Célébrer à chaque numéro une enseignante remarquable sur laquelle nous disposons de suffisamment d’informations pour pouvoir la présenter. Nous espérons ainsi donner aux femmes confiance en elles, car ce sont bien souvent les femmes elles-mêmes qui ont intériorisé le fait que l’autorité spirituelle soit forcément masculine et qui privilégient une parole d’homme.

Faire connaitre toutes les enseignantes bouddhistes en régions francophones. Elles sont de plus en plus nombreuses et il serait tout à fait normal qu’elles soient davantage présentes dans les médias bouddhistes, dans les instances de l’UBF, etc.
Le déséquilibre actuel est une grande perte pour tout le monde, car les femmes sont porteuses de richesses qui leur sont propres.

Et justement, au delà du monde bouddhiste, nous présentons également des femmes d’exception qui luttent dans différents domaines au sein de leur communauté et qui ont souvent à leur actif des réalisations et des succès remarquables.
Le monde ne pourra changer que si la valeur spécifique des femmes est reconnue et leur parole et leur expérience entendues.

Nous revenons régulièrement dans le magazine sur le conditionnement précoce que subissent les petites filles, encore ici en France à notre époque où les stéréotypes ont la vie dure, y compris en milieu scolaire.
Dans les médias, quand il y a une vedette enfantine, c’est quasiment toujours un garçon.
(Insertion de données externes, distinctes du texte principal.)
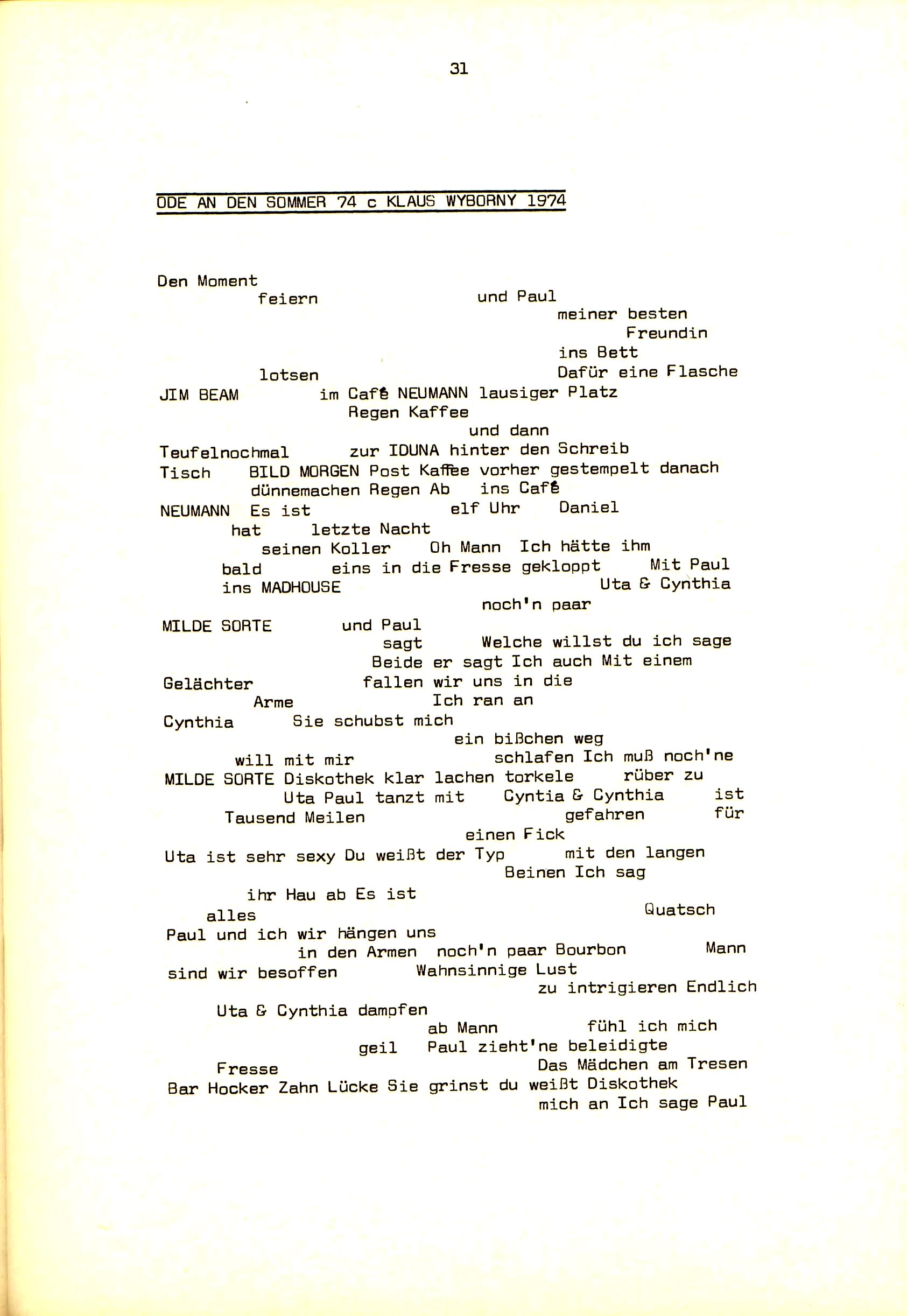 (veröffentlicht in Boa Vista 1, Hamburg 1974)

Si un film prend pour thème un « parcours initiatique » d’enfant, c’est à 99 % des parcours de garçons. Les bandes dessinées et les dessins animés traitent quasiment toujours de personnages masculins (humains ou non), sans même parler des jeux vidéos ! Les fillettes n’ont pratiquement pas d’existence autonome jusqu’au moment où elles deviennent sexuellement attractives et rentrent dans le cadre d’histoires de séduction. Or ce conditionnement n’est généralement pas perçu par les parents (ni par les médias eux-mêmes).
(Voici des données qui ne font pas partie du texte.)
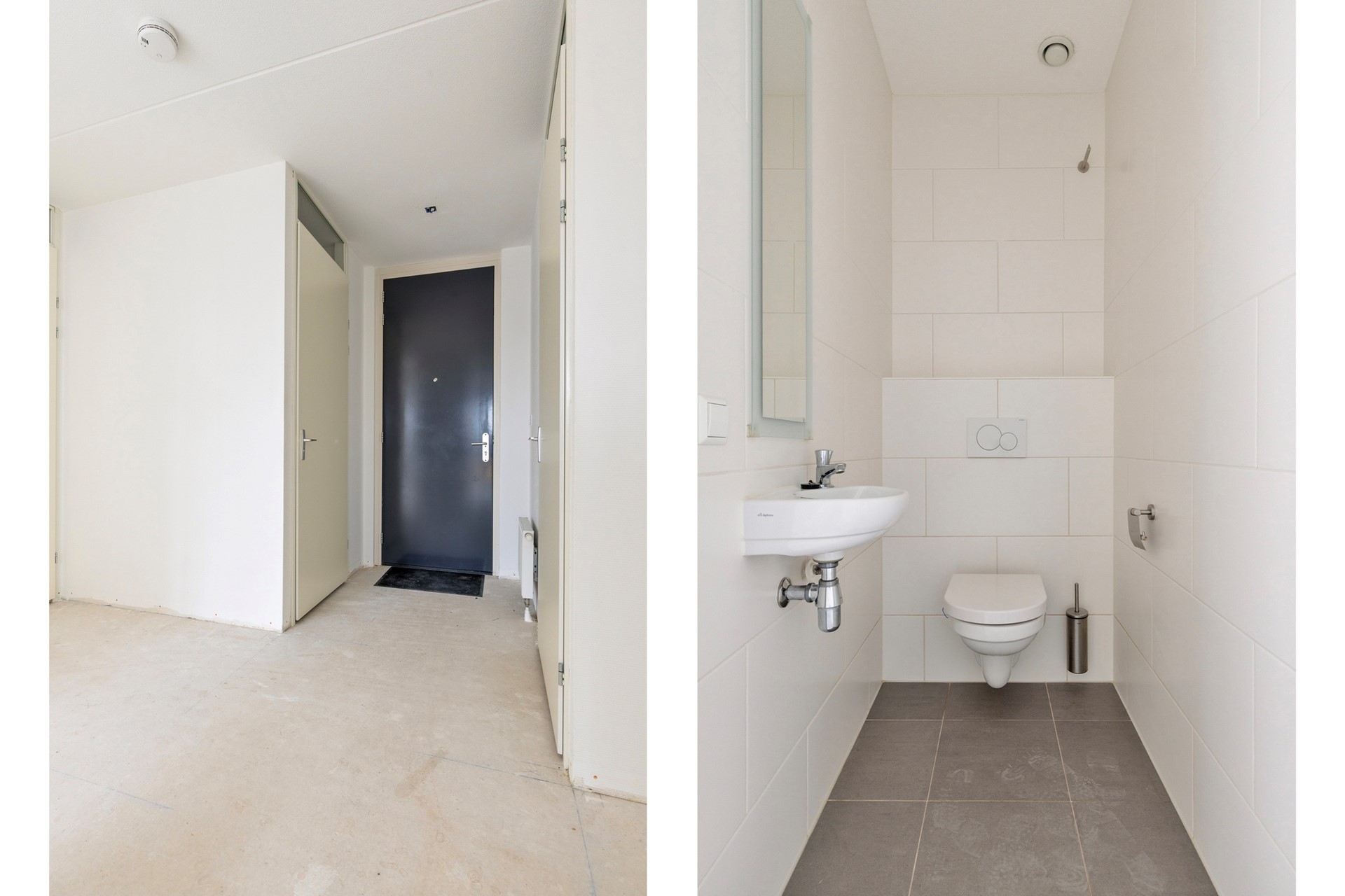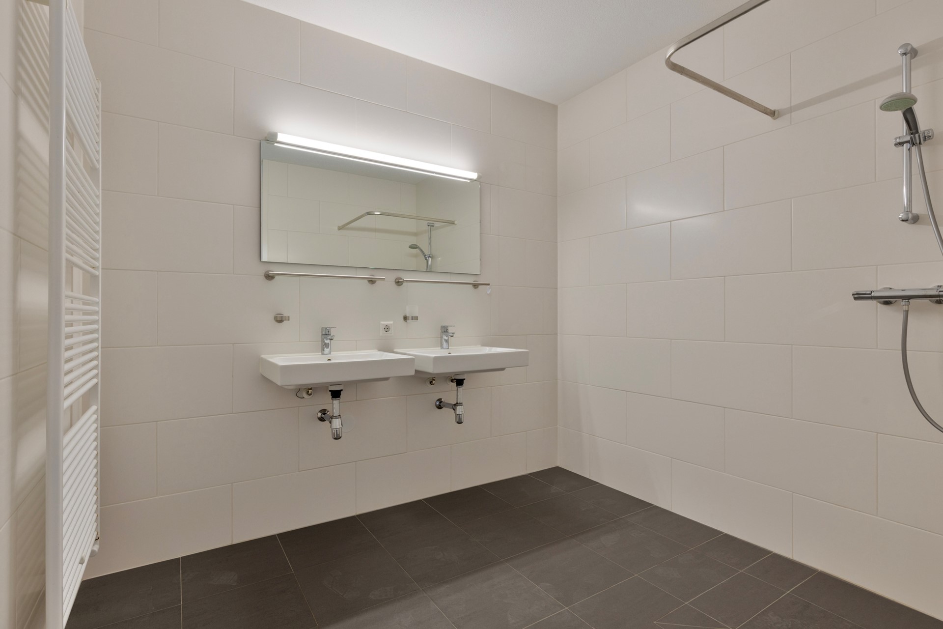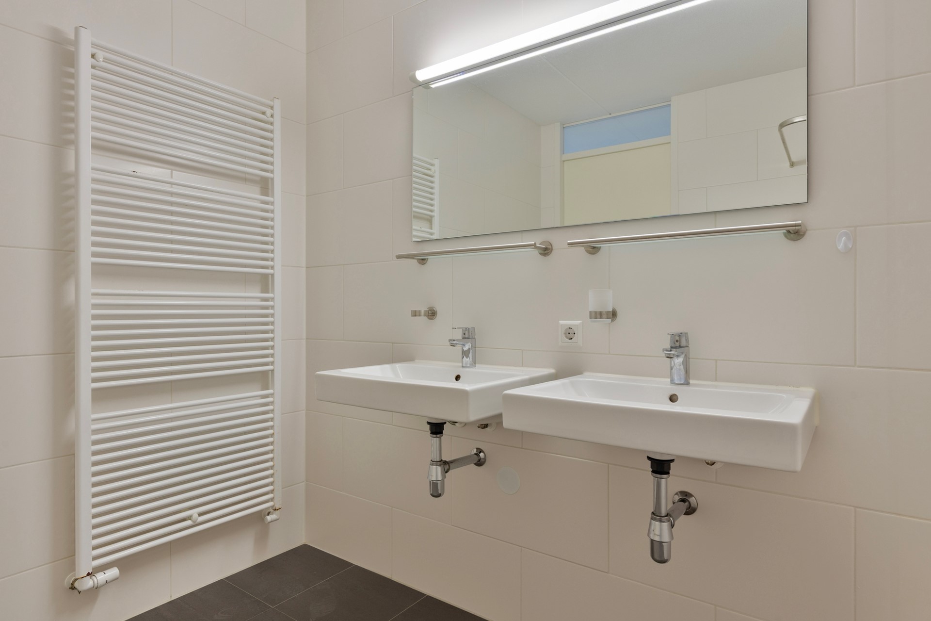 Vanuit de hal bereikt u de hoofdslaapkamer en een tweede slaapkamer, welke zich uitstekend leent als werk- of studeerkamer, logeerkamer of inloopkast. De badkamer is modern afgewerkt en beschikt over een ruime inloopdouche en een dubbele wastafel. Het separate toilet met fontein is, net als de badkamer, uitgevoerd in stijlvolle grijs- en wittinten.

Rendre compte de l’évolution de la situation des femmes bouddhistes dans le monde fait aussi partie de nos actions.
Les femmes occidentales ont incontestablement apporté un nouveau souffle au bouddhisme en perte de vitesse dans les pays asiatiques émergents.
Elles jouent un rôle de catalyseur, car elles ne veulent pas se limiter au rôle asiatique traditionnel de la femme qui apporte un soutien matériel aux moines, sans pratiquer elles-mêmes.
Elles ont pu constater que, depuis l’époque du Bouddha, le statut des pratiquantes a régressé. Chez les Tibétains, l’ordination complète de Bikkhuni n’est toujours pas accessible aux nonnes. Dans le Théravada, les choses ont évolué dans le bon sens au Sri Lanka, mais l’ordination complète rencontre encore bien des résistances en Thaïlande et en Birmanie.

Cette constatation a mené à la création de Sakyadhita, une association internationale de pratiquantes qui réunit tous les deux ans des centaines de nonnes et de laïques du monde entier. Nous recevons le témoignage de participantes que nous relayons. L’événement de 2013 avait été particulièrement marquant puisque la réunion se déroulait en Inde sur les lieux même où le Bouddha a vécu et a ordonné Mahapajapati, la première nonne bouddhiste de l’histoire.

C’est à l’occasion des revendications de nonnes à retrouver leur droit à une ordination complète que certains moines hauts placés dans la hiérarchie de leur sangha ont manifestés ouvertement leur opposition à accorder aux femmes le même statut que celui dont ils bénéficient. Nous avons rendu compte de ces luttes au sein de la communauté bouddhiste et du soutien actif que les nonnes rencontrent auprès d’autres moines.

Nous partageons des réflexions, des témoignages, des articles qui élargissent notre horizon, d’autant que nous traitons de toutes les traditions, c’est l’occasion pour les lectrices de mieux comprendre les véhicules différents du leur et de dépasser certains conditionnements discriminatoires venus d’Asie.

Enfin, nous invitons les lectrices et les lecteurs à des actions concrètes pour incarner dans leur vie de tous les jours les valeurs du bouddhisme, que ce soit manger végétarien, soutenir une banque éthique, aider des associations diverses, etc…

Notre désir est que chaque numéro du magazine soit un moment de partage, de découverte, mais aussi d’enrichissement et de questionnement.